Apart from such considerations as these it seems very
doubtful whether inborn inversion is in any considerable
degree rarer in France than in Germany.
As to the frequency of homosexuality in England[111]
and the United States there is much evidence.
In England its manifestations are well marked for
those whose eyes have once been opened. The manifestations
are of the same character as those in Germany, modified
by social and national differences, and especially
by the greater reserve, Puritanism, and prudery of
England.[112] In the United States these same influences
exert a still greater effect in restraining the outward
manifestations of homosexuality.
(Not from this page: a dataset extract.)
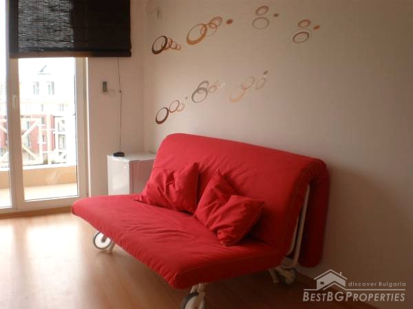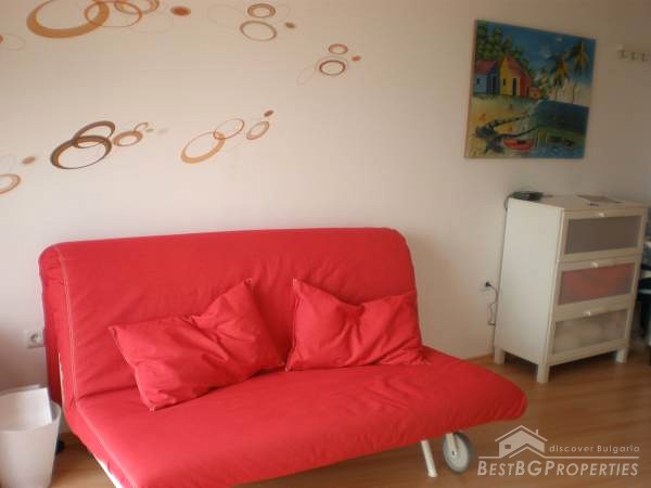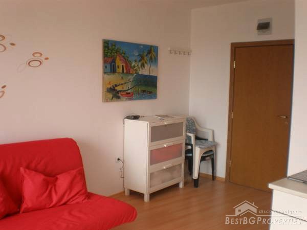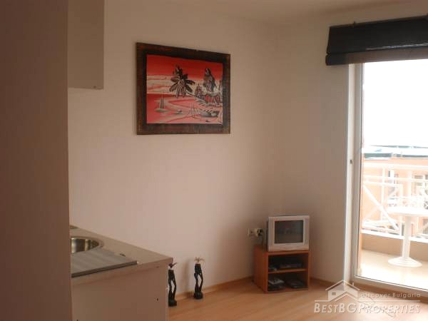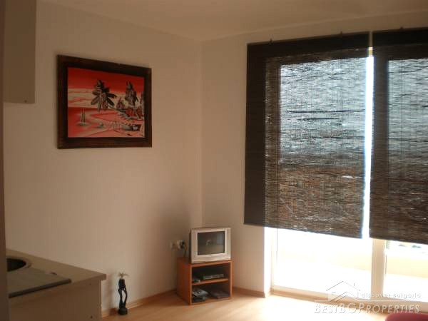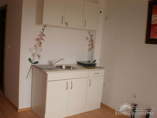 The studio apartments that we offer for sale, is located on the 5th floor of the building and is overlooking the swimming pool and also with a nice view to the west to the Stara Planina Mountain. The apartment is for sale fully furnished and ready to live in. It comprises total living area of 32.33 sq m, which is distributed between a spacious living room with kitchen box, a corridor, a bathroom with WC and a balcony with nice view.

Hirschfeld,
though so acute and experienced in the investigation
of homosexuality, states that when visiting Philadelphia
and Boston he could scarcely detect any evidence of
homosexuality, though he was afterward assured by
those acquainted with local conditions that its extension
in both cities is “colossal.” There
have been numerous criminal cases and scandals in
the United States in which homosexuality has come to
the surface, and the very frequently occurring cases
of transvestism or cross-dressing in the States seem
to be in a large proportion associated with homosexuality.